- LISTED ENTRIES
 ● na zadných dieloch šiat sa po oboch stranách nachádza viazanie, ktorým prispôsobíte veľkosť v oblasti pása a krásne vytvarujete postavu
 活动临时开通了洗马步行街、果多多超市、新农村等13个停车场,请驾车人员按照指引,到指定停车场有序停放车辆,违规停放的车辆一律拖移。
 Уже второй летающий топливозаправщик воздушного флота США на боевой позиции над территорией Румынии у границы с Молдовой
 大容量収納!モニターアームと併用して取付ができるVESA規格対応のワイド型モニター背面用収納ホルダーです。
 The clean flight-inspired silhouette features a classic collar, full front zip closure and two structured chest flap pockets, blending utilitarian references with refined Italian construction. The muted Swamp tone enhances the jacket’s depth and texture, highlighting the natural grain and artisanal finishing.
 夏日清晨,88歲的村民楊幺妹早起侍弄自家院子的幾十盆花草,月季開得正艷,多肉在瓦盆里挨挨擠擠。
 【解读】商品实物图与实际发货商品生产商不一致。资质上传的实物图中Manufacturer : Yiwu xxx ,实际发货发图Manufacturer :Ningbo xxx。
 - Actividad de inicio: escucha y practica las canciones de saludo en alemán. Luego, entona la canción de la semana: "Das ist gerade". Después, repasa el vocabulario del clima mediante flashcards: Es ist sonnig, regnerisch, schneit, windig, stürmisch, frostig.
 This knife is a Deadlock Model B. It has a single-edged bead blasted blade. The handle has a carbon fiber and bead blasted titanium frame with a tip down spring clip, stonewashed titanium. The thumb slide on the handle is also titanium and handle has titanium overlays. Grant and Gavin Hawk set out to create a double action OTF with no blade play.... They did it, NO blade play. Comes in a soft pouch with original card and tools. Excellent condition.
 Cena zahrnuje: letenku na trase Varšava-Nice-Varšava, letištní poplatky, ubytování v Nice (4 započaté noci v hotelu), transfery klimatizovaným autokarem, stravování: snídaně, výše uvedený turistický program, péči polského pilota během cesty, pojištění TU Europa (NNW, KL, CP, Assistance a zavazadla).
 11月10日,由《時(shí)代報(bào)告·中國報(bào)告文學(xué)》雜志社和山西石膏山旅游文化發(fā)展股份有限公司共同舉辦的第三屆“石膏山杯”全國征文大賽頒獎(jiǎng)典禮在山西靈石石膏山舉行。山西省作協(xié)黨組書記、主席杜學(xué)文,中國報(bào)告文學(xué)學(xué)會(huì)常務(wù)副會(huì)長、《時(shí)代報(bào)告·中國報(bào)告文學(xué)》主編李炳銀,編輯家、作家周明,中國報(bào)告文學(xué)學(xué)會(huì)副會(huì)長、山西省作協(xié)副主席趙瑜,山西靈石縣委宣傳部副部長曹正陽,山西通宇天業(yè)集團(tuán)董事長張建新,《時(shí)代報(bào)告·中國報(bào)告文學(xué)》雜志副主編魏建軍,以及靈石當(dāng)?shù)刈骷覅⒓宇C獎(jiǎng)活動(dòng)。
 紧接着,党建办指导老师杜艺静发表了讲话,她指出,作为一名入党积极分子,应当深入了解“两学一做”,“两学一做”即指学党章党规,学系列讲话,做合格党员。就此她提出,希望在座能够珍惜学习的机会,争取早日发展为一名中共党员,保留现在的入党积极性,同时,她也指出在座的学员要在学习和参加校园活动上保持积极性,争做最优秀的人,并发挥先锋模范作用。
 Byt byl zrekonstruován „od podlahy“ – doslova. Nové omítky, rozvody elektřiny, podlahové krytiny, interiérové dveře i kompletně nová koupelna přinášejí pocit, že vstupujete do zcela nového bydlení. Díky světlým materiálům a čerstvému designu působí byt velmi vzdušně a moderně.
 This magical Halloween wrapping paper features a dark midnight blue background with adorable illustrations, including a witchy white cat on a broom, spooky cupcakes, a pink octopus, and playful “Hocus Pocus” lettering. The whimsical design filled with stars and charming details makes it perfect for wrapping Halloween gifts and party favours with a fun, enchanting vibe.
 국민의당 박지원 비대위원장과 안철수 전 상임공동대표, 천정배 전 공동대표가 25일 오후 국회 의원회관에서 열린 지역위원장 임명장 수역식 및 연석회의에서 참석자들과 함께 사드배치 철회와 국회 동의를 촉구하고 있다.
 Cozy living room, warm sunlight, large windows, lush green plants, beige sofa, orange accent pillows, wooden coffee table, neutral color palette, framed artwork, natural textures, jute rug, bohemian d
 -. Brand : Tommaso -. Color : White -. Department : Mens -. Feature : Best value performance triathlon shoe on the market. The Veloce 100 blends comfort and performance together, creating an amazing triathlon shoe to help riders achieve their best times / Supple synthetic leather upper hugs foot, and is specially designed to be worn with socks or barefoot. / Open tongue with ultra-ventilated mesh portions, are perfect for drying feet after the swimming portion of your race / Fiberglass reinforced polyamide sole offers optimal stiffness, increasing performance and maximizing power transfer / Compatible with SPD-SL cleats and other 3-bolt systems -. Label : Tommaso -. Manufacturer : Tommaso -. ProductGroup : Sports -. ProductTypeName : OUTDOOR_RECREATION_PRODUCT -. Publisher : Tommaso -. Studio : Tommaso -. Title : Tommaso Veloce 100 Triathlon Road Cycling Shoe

- THE PROBLEM
Word for word, output the records that appear above.

- RESULT FOR THIS TASK
 ● na zadných dieloch šiat sa po oboch stranách nachádza viazanie, ktorým prispôsobíte veľkosť v oblasti pása a krásne vytvarujete postavu
 活动临时开通了洗马步行街、果多多超市、新农村等13个停车场,请驾车人员按照指引,到指定停车场有序停放车辆,违规停放的车辆一律拖移。
 Уже второй летающий топливозаправщик воздушного флота США на боевой позиции над территорией Румынии у границы с Молдовой
 大容量収納!モニターアームと併用して取付ができるVESA規格対応のワイド型モニター背面用収納ホルダーです。
 The clean flight-inspired silhouette features a classic collar, full front zip closure and two structured chest flap pockets, blending utilitarian references with refined Italian construction. The muted Swamp tone enhances the jacket’s depth and texture, highlighting the natural grain and artisanal finishing.
 夏日清晨,88歲的村民楊幺妹早起侍弄自家院子的幾十盆花草,月季開得正艷,多肉在瓦盆里挨挨擠擠。
 【解读】商品实物图与实际发货商品生产商不一致。资质上传的实物图中Manufacturer : Yiwu xxx ,实际发货发图Manufacturer :Ningbo xxx。
 - Actividad de inicio: escucha y practica las canciones de saludo en alemán. Luego, entona la canción de la semana: "Das ist gerade". Después, repasa el vocabulario del clima mediante flashcards: Es ist sonnig, regnerisch, schneit, windig, stürmisch, frostig.
 This knife is a Deadlock Model B. It has a single-edged bead blasted blade. The handle has a carbon fiber and bead blasted titanium frame with a tip down spring clip, stonewashed titanium. The thumb slide on the handle is also titanium and handle has titanium overlays. Grant and Gavin Hawk set out to create a double action OTF with no blade play.... They did it, NO blade play. Comes in a soft pouch with original card and tools. Excellent condition.
 Cena zahrnuje: letenku na trase Varšava-Nice-Varšava, letištní poplatky, ubytování v Nice (4 započaté noci v hotelu), transfery klimatizovaným autokarem, stravování: snídaně, výše uvedený turistický program, péči polského pilota během cesty, pojištění TU Europa (NNW, KL, CP, Assistance a zavazadla).
 11月10日,由《時(shí)代報(bào)告·中國報(bào)告文學(xué)》雜志社和山西石膏山旅游文化發(fā)展股份有限公司共同舉辦的第三屆“石膏山杯”全國征文大賽頒獎(jiǎng)典禮在山西靈石石膏山舉行。山西省作協(xié)黨組書記、主席杜學(xué)文,中國報(bào)告文學(xué)學(xué)會(huì)常務(wù)副會(huì)長、《時(shí)代報(bào)告·中國報(bào)告文學(xué)》主編李炳銀,編輯家、作家周明,中國報(bào)告文學(xué)學(xué)會(huì)副會(huì)長、山西省作協(xié)副主席趙瑜,山西靈石縣委宣傳部副部長曹正陽,山西通宇天業(yè)集團(tuán)董事長張建新,《時(shí)代報(bào)告·中國報(bào)告文學(xué)》雜志副主編魏建軍,以及靈石當(dāng)?shù)刈骷覅⒓宇C獎(jiǎng)活動(dòng)。
 紧接着,党建办指导老师杜艺静发表了讲话,她指出,作为一名入党积极分子,应当深入了解“两学一做”,“两学一做”即指学党章党规,学系列讲话,做合格党员。就此她提出,希望在座能够珍惜学习的机会,争取早日发展为一名中共党员,保留现在的入党积极性,同时,她也指出在座的学员要在学习和参加校园活动上保持积极性,争做最优秀的人,并发挥先锋模范作用。
 Byt byl zrekonstruován „od podlahy“ – doslova. Nové omítky, rozvody elektřiny, podlahové krytiny, interiérové dveře i kompletně nová koupelna přinášejí pocit, že vstupujete do zcela nového bydlení. Díky světlým materiálům a čerstvému designu působí byt velmi vzdušně a moderně.
 This magical Halloween wrapping paper features a dark midnight blue background with adorable illustrations, including a witchy white cat on a broom, spooky cupcakes, a pink octopus, and playful “Hocus Pocus” lettering. The whimsical design filled with stars and charming details makes it perfect for wrapping Halloween gifts and party favours with a fun, enchanting vibe.
 국민의당 박지원 비대위원장과 안철수 전 상임공동대표, 천정배 전 공동대표가 25일 오후 국회 의원회관에서 열린 지역위원장 임명장 수역식 및 연석회의에서 참석자들과 함께 사드배치 철회와 국회 동의를 촉구하고 있다.
 Cozy living room, warm sunlight, large windows, lush green plants, beige sofa, orange accent pillows, wooden coffee table, neutral color palette, framed artwork, natural textures, jute rug, bohemian d
 -. Brand : Tommaso -. Color : White -. Department : Mens -. Feature : Best value performance triathlon shoe on the market. The Veloce 100 blends comfort and performance together, creating an amazing triathlon shoe to help riders achieve their best times / Supple synthetic leather upper hugs foot, and is specially designed to be worn with socks or barefoot. / Open tongue with ultra-ventilated mesh portions, are perfect for drying feet after the swimming portion of your race / Fiberglass reinforced polyamide sole offers optimal stiffness, increasing performance and maximizing power transfer / Compatible with SPD-SL cleats and other 3-bolt systems -. Label : Tommaso -. Manufacturer : Tommaso -. ProductGroup : Sports -. ProductTypeName : OUTDOOR_RECREATION_PRODUCT -. Publisher : Tommaso -. Studio : Tommaso -. Title : Tommaso Veloce 100 Triathlon Road Cycling Shoe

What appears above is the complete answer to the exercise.